Provided data>
* * * * * * *

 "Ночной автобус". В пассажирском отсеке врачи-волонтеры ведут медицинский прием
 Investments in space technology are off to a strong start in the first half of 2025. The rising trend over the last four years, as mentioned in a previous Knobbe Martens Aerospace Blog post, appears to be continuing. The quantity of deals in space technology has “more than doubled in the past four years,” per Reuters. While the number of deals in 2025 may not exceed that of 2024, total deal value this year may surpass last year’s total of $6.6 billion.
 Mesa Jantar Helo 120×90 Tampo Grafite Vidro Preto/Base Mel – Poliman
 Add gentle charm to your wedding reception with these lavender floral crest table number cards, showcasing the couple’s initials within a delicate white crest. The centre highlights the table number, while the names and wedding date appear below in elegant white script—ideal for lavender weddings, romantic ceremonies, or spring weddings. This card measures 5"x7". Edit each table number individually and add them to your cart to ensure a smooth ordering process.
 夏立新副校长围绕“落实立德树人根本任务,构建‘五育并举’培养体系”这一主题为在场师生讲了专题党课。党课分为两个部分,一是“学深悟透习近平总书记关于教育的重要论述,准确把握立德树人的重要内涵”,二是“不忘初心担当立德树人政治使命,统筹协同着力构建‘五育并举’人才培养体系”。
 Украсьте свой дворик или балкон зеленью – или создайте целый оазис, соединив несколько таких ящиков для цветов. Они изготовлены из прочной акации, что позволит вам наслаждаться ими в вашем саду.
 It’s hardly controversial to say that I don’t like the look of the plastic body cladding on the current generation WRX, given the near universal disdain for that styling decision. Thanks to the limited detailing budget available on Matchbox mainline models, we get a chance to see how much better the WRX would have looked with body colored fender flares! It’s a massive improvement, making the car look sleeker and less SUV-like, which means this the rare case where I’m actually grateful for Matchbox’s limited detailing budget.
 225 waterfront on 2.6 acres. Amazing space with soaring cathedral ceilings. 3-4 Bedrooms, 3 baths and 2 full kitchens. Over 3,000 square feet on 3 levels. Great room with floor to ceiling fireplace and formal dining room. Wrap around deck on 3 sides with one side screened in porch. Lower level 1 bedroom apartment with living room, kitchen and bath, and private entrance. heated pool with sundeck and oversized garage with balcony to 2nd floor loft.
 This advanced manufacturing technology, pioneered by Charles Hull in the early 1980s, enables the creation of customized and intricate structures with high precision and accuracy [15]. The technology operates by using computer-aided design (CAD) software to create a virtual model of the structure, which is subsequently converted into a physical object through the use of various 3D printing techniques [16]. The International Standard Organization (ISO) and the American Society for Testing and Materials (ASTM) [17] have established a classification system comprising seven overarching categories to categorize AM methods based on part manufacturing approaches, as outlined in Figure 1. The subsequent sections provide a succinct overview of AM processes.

* * * * * * *

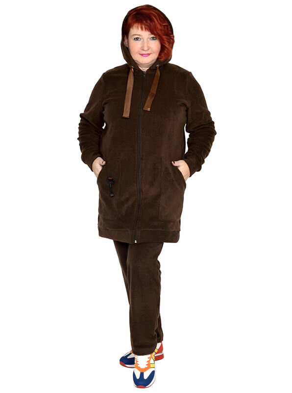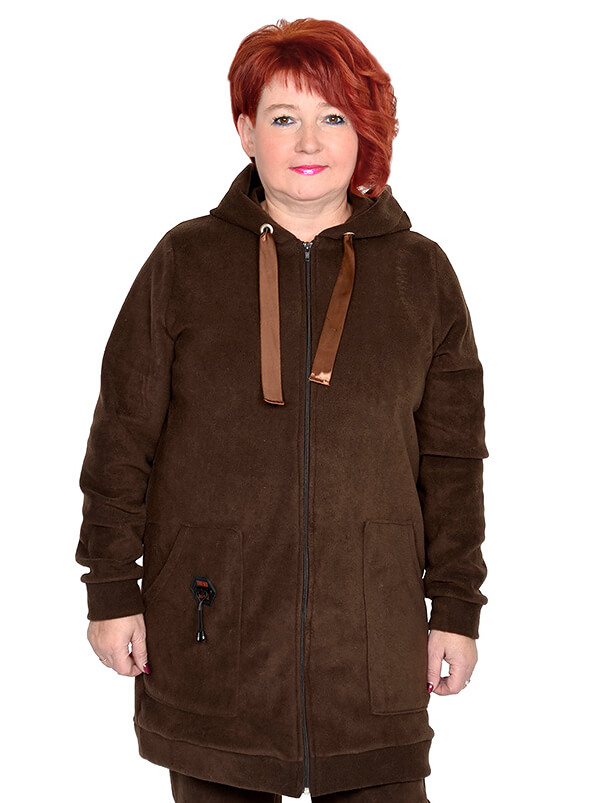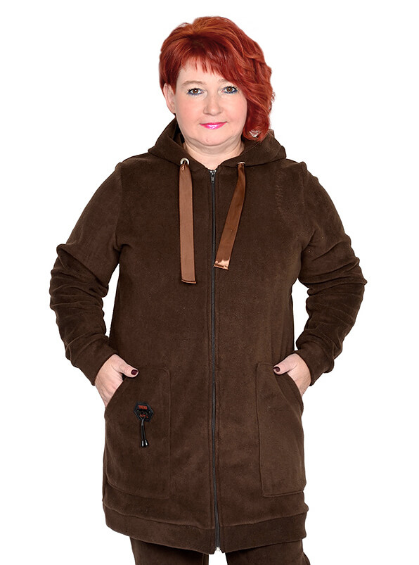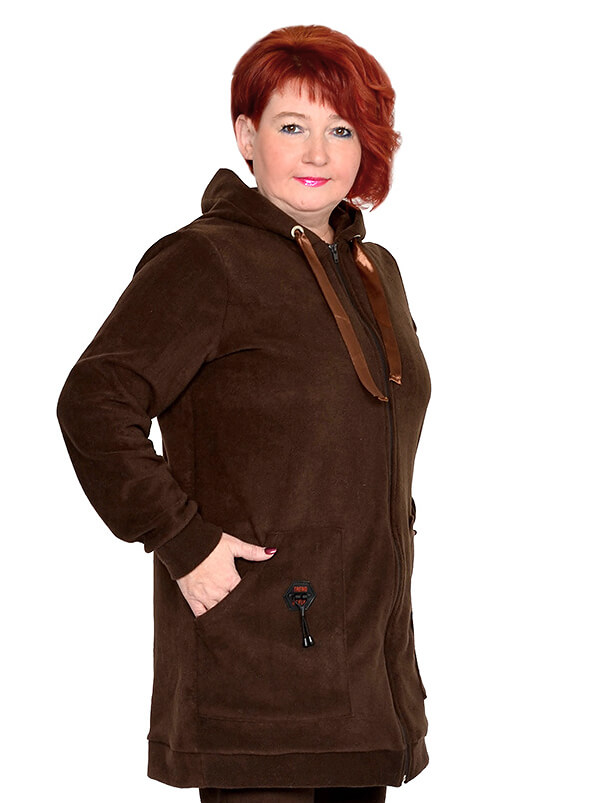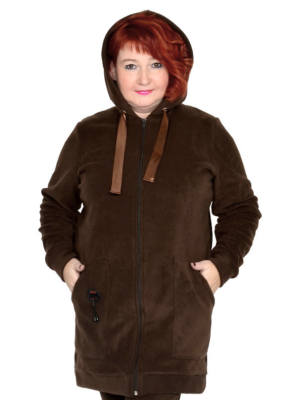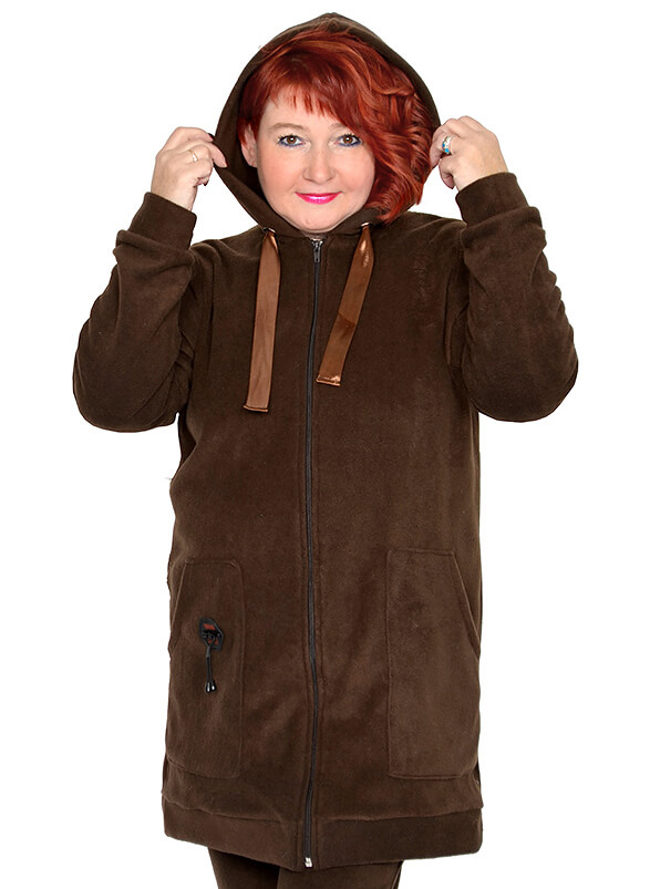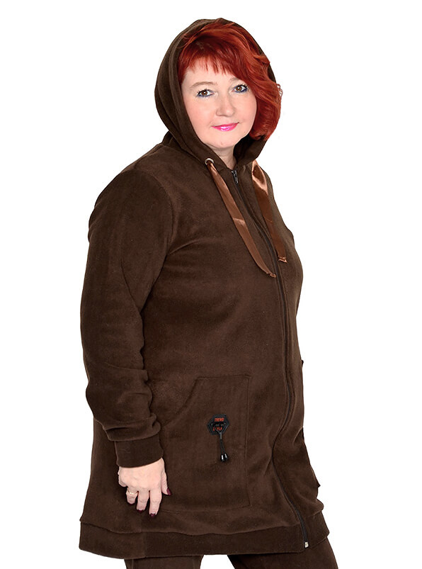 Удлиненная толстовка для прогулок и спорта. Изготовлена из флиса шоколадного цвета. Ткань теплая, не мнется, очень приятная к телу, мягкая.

* * * * * * *

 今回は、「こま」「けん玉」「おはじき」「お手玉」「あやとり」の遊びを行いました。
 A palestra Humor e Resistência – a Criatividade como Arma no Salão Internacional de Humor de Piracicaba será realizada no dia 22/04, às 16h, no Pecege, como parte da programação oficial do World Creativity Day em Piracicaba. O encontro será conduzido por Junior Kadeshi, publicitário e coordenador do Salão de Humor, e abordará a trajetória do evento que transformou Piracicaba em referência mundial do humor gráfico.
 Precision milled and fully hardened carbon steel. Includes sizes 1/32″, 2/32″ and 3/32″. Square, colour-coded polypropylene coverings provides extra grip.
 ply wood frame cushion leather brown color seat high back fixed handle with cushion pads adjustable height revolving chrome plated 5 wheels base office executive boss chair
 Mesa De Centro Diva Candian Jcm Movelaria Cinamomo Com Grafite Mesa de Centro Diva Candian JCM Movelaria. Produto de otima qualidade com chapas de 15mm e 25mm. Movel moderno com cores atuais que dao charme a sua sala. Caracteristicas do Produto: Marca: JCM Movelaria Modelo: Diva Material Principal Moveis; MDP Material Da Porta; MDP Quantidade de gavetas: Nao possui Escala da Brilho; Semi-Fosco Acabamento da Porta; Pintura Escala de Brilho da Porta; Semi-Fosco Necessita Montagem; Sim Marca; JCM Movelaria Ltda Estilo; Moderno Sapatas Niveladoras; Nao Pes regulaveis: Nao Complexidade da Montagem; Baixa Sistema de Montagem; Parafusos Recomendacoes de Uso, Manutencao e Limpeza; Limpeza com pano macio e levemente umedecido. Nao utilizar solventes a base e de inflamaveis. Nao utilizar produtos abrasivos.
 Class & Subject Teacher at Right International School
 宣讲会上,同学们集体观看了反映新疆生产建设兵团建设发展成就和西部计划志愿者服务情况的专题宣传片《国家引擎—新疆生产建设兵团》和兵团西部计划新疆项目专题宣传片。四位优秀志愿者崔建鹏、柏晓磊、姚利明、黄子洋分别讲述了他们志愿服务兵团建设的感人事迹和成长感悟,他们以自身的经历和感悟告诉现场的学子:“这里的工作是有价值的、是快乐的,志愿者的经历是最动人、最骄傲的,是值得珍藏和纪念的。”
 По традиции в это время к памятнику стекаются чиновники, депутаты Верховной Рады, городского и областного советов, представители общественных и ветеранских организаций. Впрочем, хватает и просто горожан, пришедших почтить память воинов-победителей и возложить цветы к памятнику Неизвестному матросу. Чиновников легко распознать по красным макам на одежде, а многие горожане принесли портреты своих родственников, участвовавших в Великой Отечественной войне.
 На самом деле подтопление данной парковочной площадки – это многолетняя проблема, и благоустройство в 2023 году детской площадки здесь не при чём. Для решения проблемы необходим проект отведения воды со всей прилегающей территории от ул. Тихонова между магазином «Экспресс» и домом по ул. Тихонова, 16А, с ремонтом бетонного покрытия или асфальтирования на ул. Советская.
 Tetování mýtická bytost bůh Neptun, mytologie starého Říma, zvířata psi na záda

* * * * * * *

Task> Above are records; repeat only the lines starting at the line with "Class & Subject" and ending at the line with "На самом деле", exactly as they appear, both included.

Task response>
 Class & Subject Teacher at Right International School
 宣讲会上,同学们集体观看了反映新疆生产建设兵团建设发展成就和西部计划志愿者服务情况的专题宣传片《国家引擎—新疆生产建设兵团》和兵团西部计划新疆项目专题宣传片。四位优秀志愿者崔建鹏、柏晓磊、姚利明、黄子洋分别讲述了他们志愿服务兵团建设的感人事迹和成长感悟,他们以自身的经历和感悟告诉现场的学子:“这里的工作是有价值的、是快乐的,志愿者的经历是最动人、最骄傲的,是值得珍藏和纪念的。”
 По традиции в это время к памятнику стекаются чиновники, депутаты Верховной Рады, городского и областного советов, представители общественных и ветеранских организаций. Впрочем, хватает и просто горожан, пришедших почтить память воинов-победителей и возложить цветы к памятнику Неизвестному матросу. Чиновников легко распознать по красным макам на одежде, а многие горожане принесли портреты своих родственников, участвовавших в Великой Отечественной войне.
 На самом деле подтопление данной парковочной площадки – это многолетняя проблема, и благоустройство в 2023 году детской площадки здесь не при чём. Для решения проблемы необходим проект отведения воды со всей прилегающей территории от ул. Тихонова между магазином «Экспресс» и домом по ул. Тихонова, 16А, с ремонтом бетонного покрытия или асфальтирования на ул. Советская.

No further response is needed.